21. Hukuk Dairesi Esas No: 2019/4925 Karar No: 2020/716 Karar Tarihi: 11.02.2020
Yargıtay 21. Hukuk Dairesi 2019/4925 Esas 2020/716 Karar Sayılı İlamı
(Kapatılan)21. Hukuk Dairesi 2019/4925 E. , 2020/716 K.
"İçtihat Metni"
MAHKEMESİ : Bursa Bölge Adliye Mahkemesi 9. Hukuk Dairesi İLK DERECE MAHKEMESİ : Bursa 8. İş Mahkemesi
TÜRK MİLLETİ ADINA
Davacı, işkazası sonucu maluliyetinden doğan maddi ve manevi tazminatın ödetilmesine karar verilmesini istemiştir. İlk Derece Mahkemesince davanın kısmen kabulüne karar verilmesi üzerine taraf vekillerince istinaf kanun yoluna başvurulmuştur. Bölge Adliye Mahkemesince taraf vekillerinin istinaf başvurusunun ayrı ayrı esastan reddine karar verilmiştir.

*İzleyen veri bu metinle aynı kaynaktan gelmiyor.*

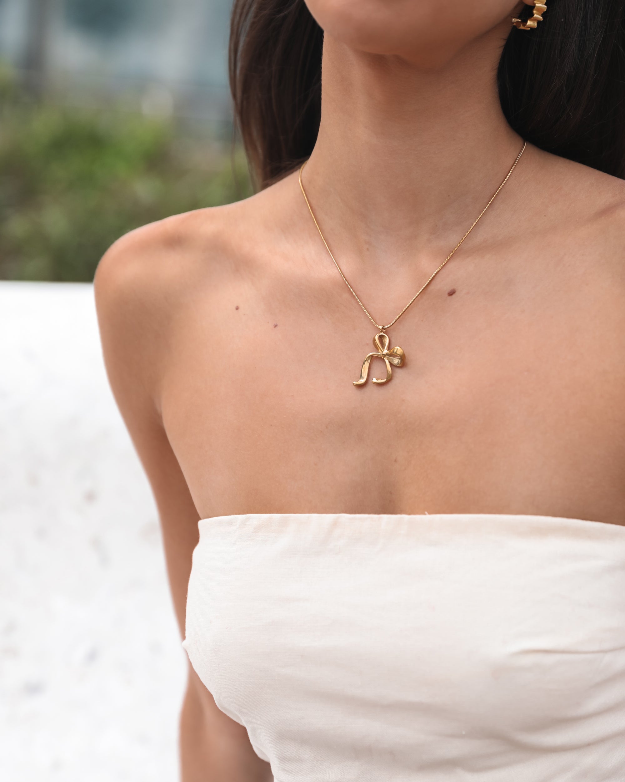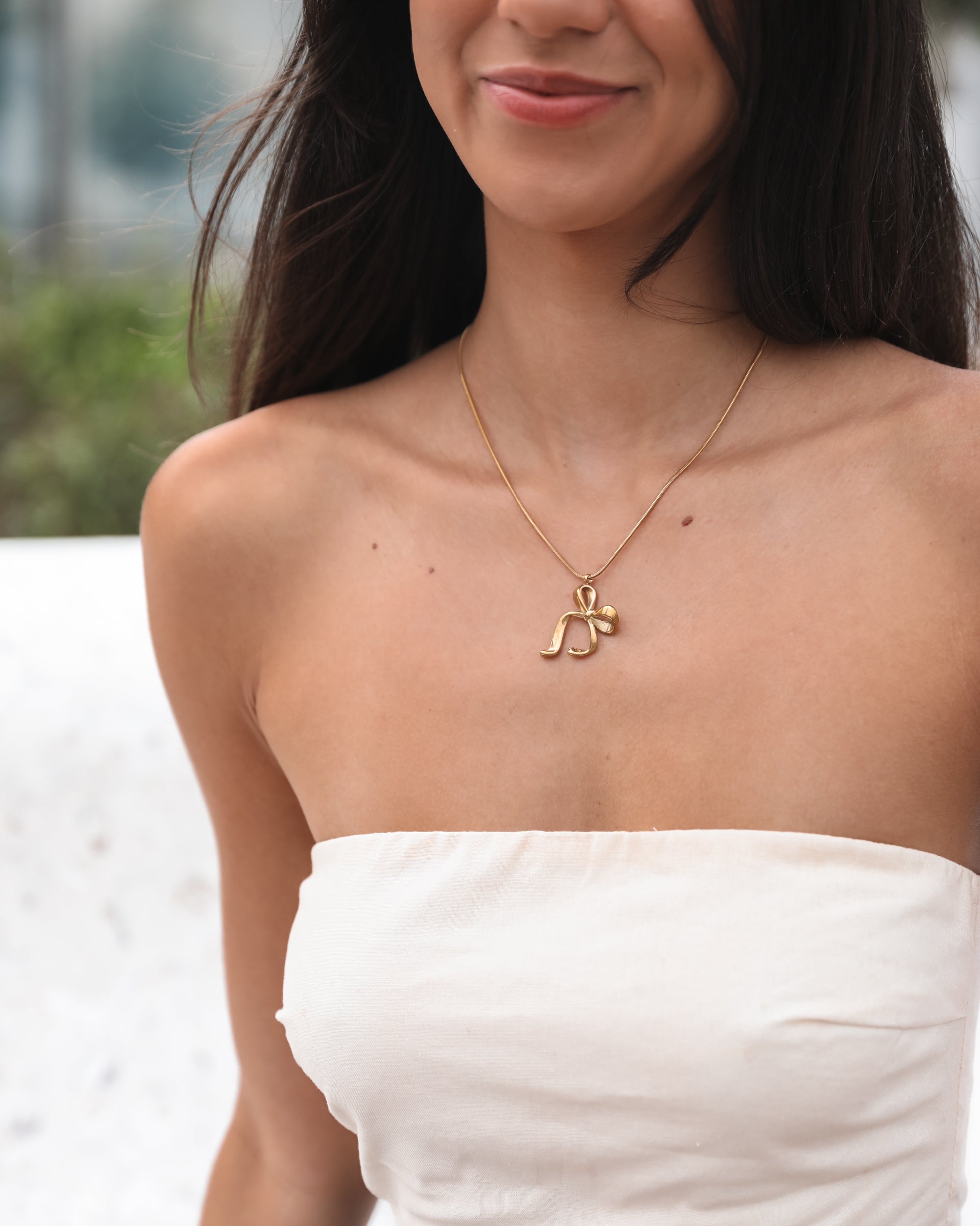 Our Maisha Necklace comes in a gold colour. Undeniably chic, this treasure sits beautifully at the collarbone and features a chain and bow-shaped pendant. Style with a silky slip dress for an ultra-feminine look!

Bölge Adliye Mahkemesi kararının taraf vekillerince temyiz edilmesi üzerine temyiz isteğinin süresinde olduğu anlaşıldıktan sonra düzenlenen raporla dosyadaki kağıtlar okundu, işin gereği düşünüldü ve aşağıdaki karar verildi.
KARAR
1-Tarafların Manevi Tazminat Hükmüne İlişkin Temyiz İtirazları Yönünden Miktar veya değeri temyiz kesinlik sınırını geçmeyen davalara ilişkin nihai kararlar 6100 sayılı Hukuk Muhakemeleri Kanununun 362/1-(a) maddesi uyarınca temyiz edilemez. Kesinlik sınırı kamu düzeni ile ilgilidir. Davacının dava dilekçesi ve ıslah ile 109.938,13 TL maddi, 70.000,00 TL manevi tazminat talebinde bulunduğu, ilk derece mahkemesince maddi tazminat isteminin kabulüne, davacı lehine 20.000,00 TL manevi tazminat ödenmesine karar verildiği, tarafların bu karara karşı istinaf kanun yoluna başvurması üzerine Bursa Bölge Adliye Mahkemesi 9. Hukuk Dairesi"nce verilen 04/07/2019 tarihli kararda başvuruların esastan reddine karar verildiği, bu karara karşı yine taraflarca temyiz kanun yoluna başvurulduğu anlaşılmaktadır. Bölge Adliye Mahkemesince 01/01/2019 tarihinden sonra verilen kararlar için kesinlik sınırı 58.800,00 TL"dir. Dosya kapsamından, davacının manevi tazminat istemine ilişkin hükmün temyiz eden her iki taraf yönünden Bölge Adliye Mahkemesi Hukuk Dairesi"nin karar tarihi itibariyle 58.800,00 TL’lik temyiz sınırının altında kaldığı anlaşılmaktadır. O halde, manevi tazminat istemi hakkındaki hükmün temyizi mümkün olmadığından, temyiz eden her iki tarafın açıklanan hükme yönelik temyiz itirazlarının 6100 sayılı H.M.K."nun 362/1-a ve (2) maddeleri uyarınca ayrı ayrı reddine karar vermek gerekmiştir. 2-Davalının Maddi Tazminat Hükmüne İlişkin Temyiz İtirazları Yönünden Dosyadaki yazılara, hükmün Dairemizce de benimsenmiş bulunan yasal ve hukuksal gerekçeleriyle dayanağı maddi delillere ve özellikle bu delillerin takdirinde bir isabetsizlik görülmemesine, temyiz kapsam ve nedenlerine göre, Bölge Adliye Mahkemesi kararında bir isabetsizlik bulunmadığından, davalı vekilinin yerinde görülmeyen bütün temyiz itirazlarının reddiyle usul ve kanuna uygun olan hükmün ONANMASINA, temyiz harcının istek halinde davacıya iadesine, aşağıda yazılı temyiz harcının davalıya yükletilmesine, dosyanın ilk derece Mahkemesine gönderilmesine, 11/02/2020 gününde oy birliğiyle karar verildi.